Focussing on your finances is a form of self-care, even if you are someone who can get particularly stressed about numbers. Here are 10 ways you can practice self-care when it comes to finances:
1. Know Your Numbers
This is one of the crucial steps that we talk about in The Financielle Playbook and that is knowing your numbers – the key numbers that help give us actionable steps to take forward and gain control of our finances. So a simple 4 number exercise:
– what is your household income?
– what are your household outgoings?
– what are your assets?
– what are your debts?
The top two figures, income minus outgoings, give you your Excess which is your power money – your money to hit your goals with. The second two, assets minus liabilities, give you your networth figure – so what you own, less what you owe.

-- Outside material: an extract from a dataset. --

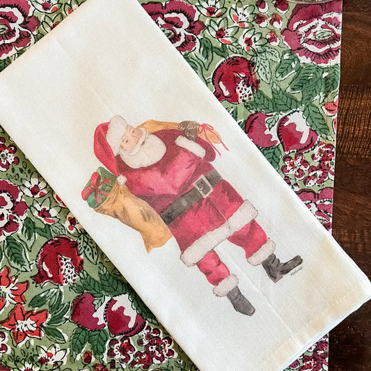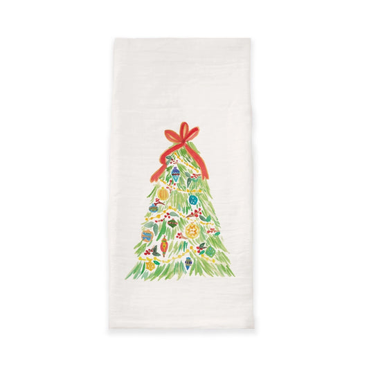 Chinoiserie Christmas Tree Towel, Blue Holiday Kitchen Decor

2. Do a fresh Budget every single month
Every income “pay day”, whether that be from a job, from universal credit, or from other side-hustle forms of income, is an opportunity to start a fresh with a budget. Do a fresh one every month, take the learnings from last month then wipe the slate clean and start a fresh.
3. Set aside a set amount every month to invest in you
This could be a Audible account, a gym membership or class, a training course, a facial mask set, a nail appointment – pick something that literally has your name next to it and include it as part of the budget – no matter how small the cost. Remind yourself that you are using your finances to invest in you.
4. Save SOMETHING
Even if it is the change from your pockets at the end of the day – save something and start to make it a habit. The confidence that comes from starting to build up a jar, then a pot, then later a full blown savings account will contribute massively to your financial wellness.

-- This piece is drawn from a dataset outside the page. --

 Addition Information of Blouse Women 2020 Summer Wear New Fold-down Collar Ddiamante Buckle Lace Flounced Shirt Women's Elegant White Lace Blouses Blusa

5. Pick a goal and visually work towards it
Take the goal that you are working towards right now (and if you don’t have one yet – pick one) and make it visible to you and perhaps to others if you wish, whether on the wall, on your phone wallpaper or on a vision board. Get your goal front of mind to remind yourself constantly of your “why”. Colouring-in charts are a great way to visibly track money goal progress; if you are paying off debt, it may be a debt-free chart. If you are saving for an emergency fund or for a house deposit, it may be a savings chart.
It can also help having an accountability partner – or even a co-goal owner, to help you achieve whatever goal you set.
These are 5 simple ways to use money and your finances to contribute to your self-care, and to grow your financial wellness.